» Data under study
▶

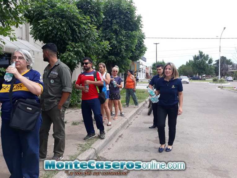 Por iniciativa de las autoridades, empleados del Banco de Corrientes, sucursal Monte Caseros repartieron, entre los usuarios que hicieron cola para utilizar los cajeros automáticos, botellas de agua fresca.
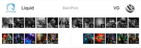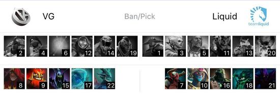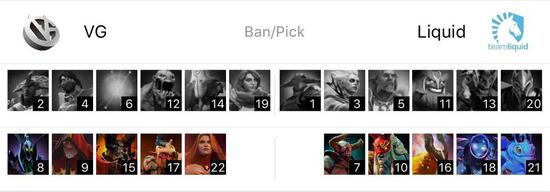 VG在天辉方,Liquid在夜魇方。双方前两手的选人都非常快,应该是提前想好的体系,VG最终是剑圣DP的双核加上人马土猫双冲脸,5号位墨客提供爆发和输出;风行人柱力选出了风行者,最后一选拿出大哥小鱼,马尔斯拉比克萨尔三兄弟打团也很强势。
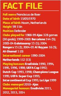 - Подписывая новое соглашение, я вообще не задумывался о возможной смене клуба. Более того, я хотел побить рекорд Шака Сварта по количеству проведенных матчей за амстердамский клуб (603 официальные встречи). И всего спустя пару дней после подписания мне позвонили из Барселоны. Звонок раздался посреди ночи, я крепко спал. На проводе был помощник главного тренера Тонни Брюинс Слот, который спросил, не заинтересован ли я в том, чтобы перебраться в Испанию. Тогда менеджером Барселоны был Йохан Кройфф. Я сказал, что только-только оформил новое трудовое соглашение с Аяксом, что чернила на бумаге еще не засохли. Однако через пару лет [в январе 1999 года] я все же оказался в Барсе. "Правило Босмана" тогда не отыграло никакой роли, так как оно было создано для игроков, чьи контракты с клубами истекали. В конце концов, все завершилось судебным разбирательством, но и это не помогло. Мы [Франк и Рональд] все же ушли, но та ситуация была далека от идеальной.
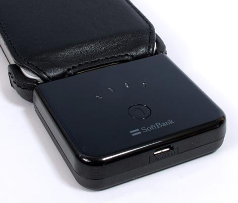 SoftBankの上のボタンを押すことでバッテリーの残量がランプで確認できます。
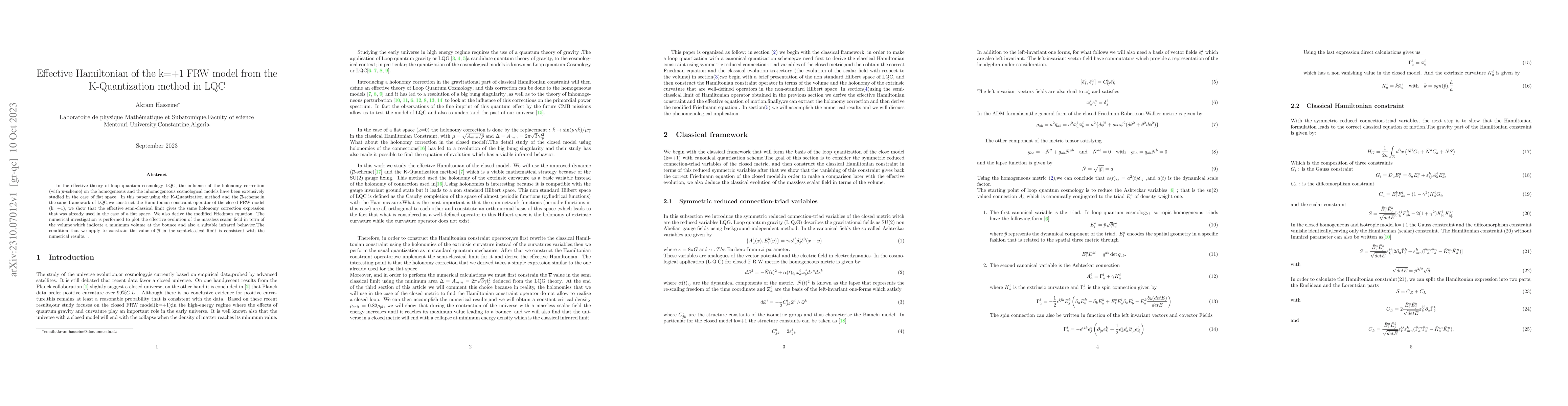 In the effective theory of loop quantum cosmology LQC, the influence of the holonomy correction (with $\overline{\mu}$-scheme) on the homogeneous and the inhomogeneous cosmological models have been extensively studied in the case of flat space. In this paper,using the K-Quantization method and the $\overline{\mu}$-scheme,in the same framework of LQC,we construct the Hamiltonian constraint operator of the closed FRW model (k=+1), we show that the effective semi-classical limit gives the same holonomy correction expression that was already used in the case of a flat space. We also derive the modified Friedman equation. The numerical investigation is performed to plot the effective evolution of the massless scalar field in term of the volume,which indicate a minimum volume at the bounce and also a suitable infrared behavior.The condition that we apply to constrain the value of $\overline{\mu}$ in the semi-classical limit is consistent with the numerical results.
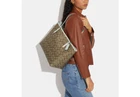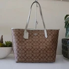 New COACH CITY TOTE IN SIGNATURE CANVAS Khaki/Light Sage 5696 $398 Signature coated canvas with smooth leather details Inside zip pocket Dogleash clip closure Handles with 9 1/2" drop 13" (L) x 11 1/2" (H) x 6 1/4" (W)
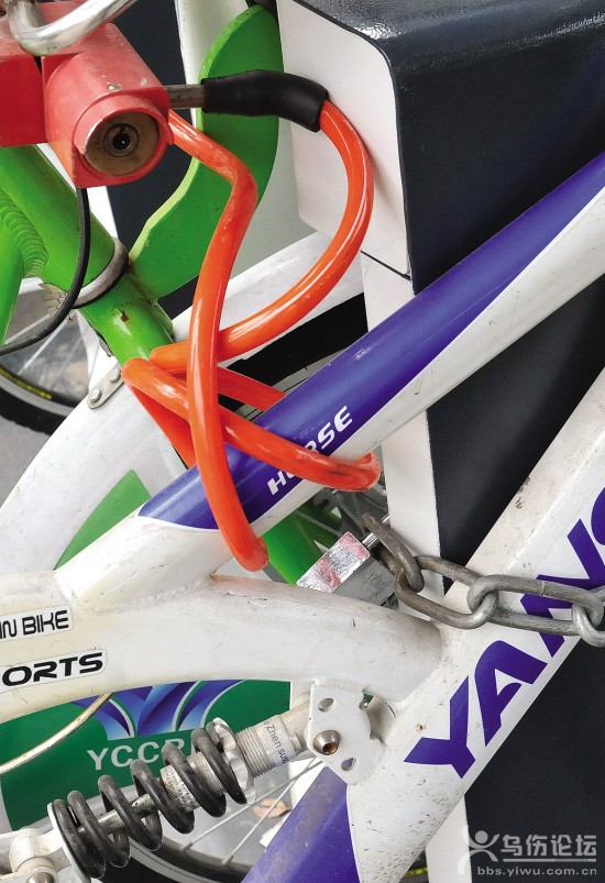 前幾日,義烏國際商貿(mào)城四區(qū)門口,在公共自行車站點(diǎn)停著一輛私人自行車。記者仔細(xì)一看,這輛藍(lán)色的自行車上有兩把鎖,坐墊上夾著一張紙條,上面寫著:自行車車主你好,你的自行車鎖在這里已一個(gè)星期,取車請(qǐng)向城建資源公司聯(lián)系。一名龔姓保安告訴記者,前兩天工作人員給它加了一把鎖。
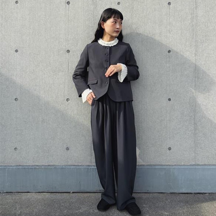 少し長めの袖丈でジャケットからプリーツ袖を出して着用して、トレンドのレイヤードコーディネートができます。
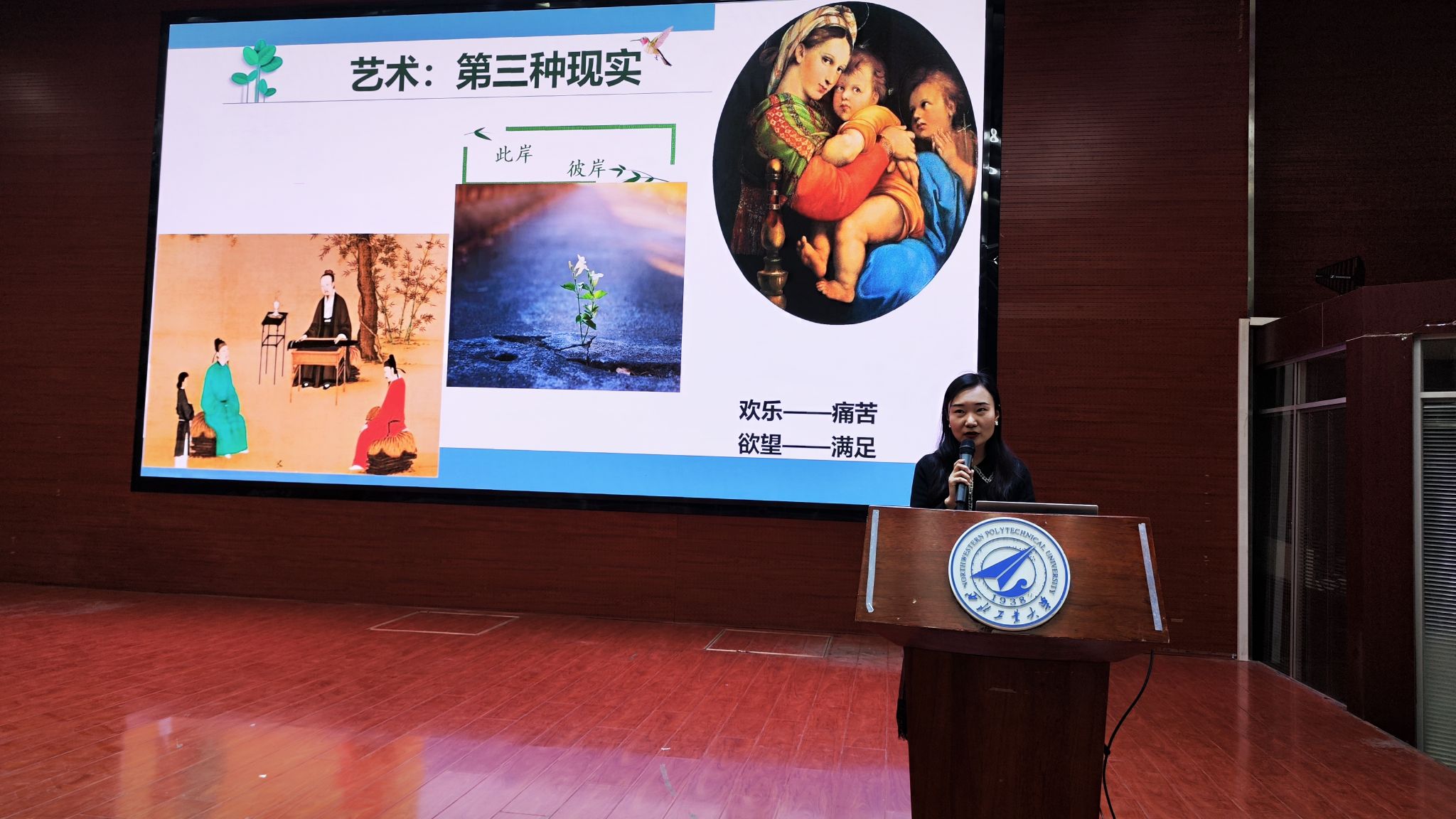 师友圆桌环节前,余书涵老师在教西D100开展题为“《红楼梦》里的虚与实”的中国古典文学品鉴讲座。她通过剖析人物塑造、情节架构、语言艺术及隐喻手法,引导同学从经典中感悟现实启示。现场气氛热烈,同学认真聆听、踊跃互动。
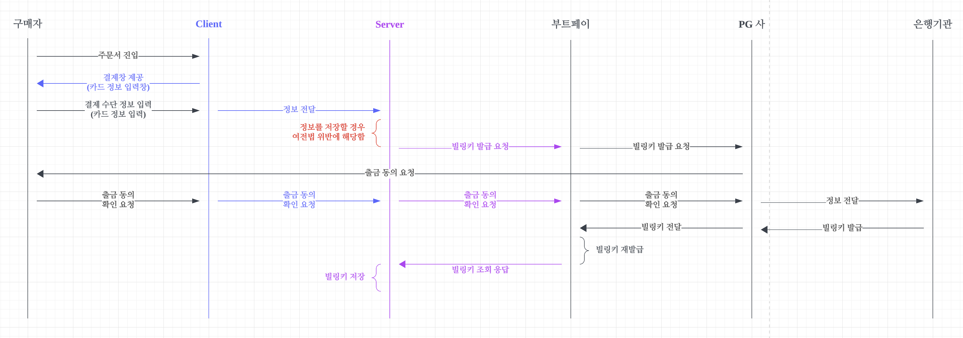 가맹점은 고객의 계좌 정보를 직접 저장할 수 없으며, 이를 저장하면 여전법 위반이에요. 따라서 은행기관은 계좌 정보를 대체할 수 있는 빌링키를 발급하며, 가맹점은 이 빌링키를 저장 후 사용해야 해요.
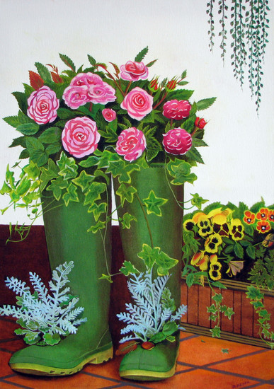 Pioenrozen in rubber laarzen
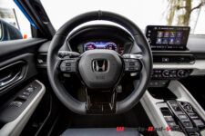 La chute de pavillon, très étirée, guide naturellement le regard vers une poupe épurée. A l’arrière, une signature lumineuse en bandeau intègre feux et logo Honda dans un ensemble très contemporain. Le bouclier, plus simple, adopte un diffuseur discret alors qu’un léger effet de spoiler intégré au hayon suggère l’appui.

◀

Could you copy exactly, and with no pictures, the lines above from the one containing "Pioenrozen in rubber laarzen" through the last line, both included?

 Pioenrozen in rubber laarzen
 La chute de pavillon, très étirée, guide naturellement le regard vers une poupe épurée. A l’arrière, une signature lumineuse en bandeau intègre feux et logo Honda dans un ensemble très contemporain. Le bouclier, plus simple, adopte un diffuseur discret alors qu’un léger effet de spoiler intégré au hayon suggère l’appui.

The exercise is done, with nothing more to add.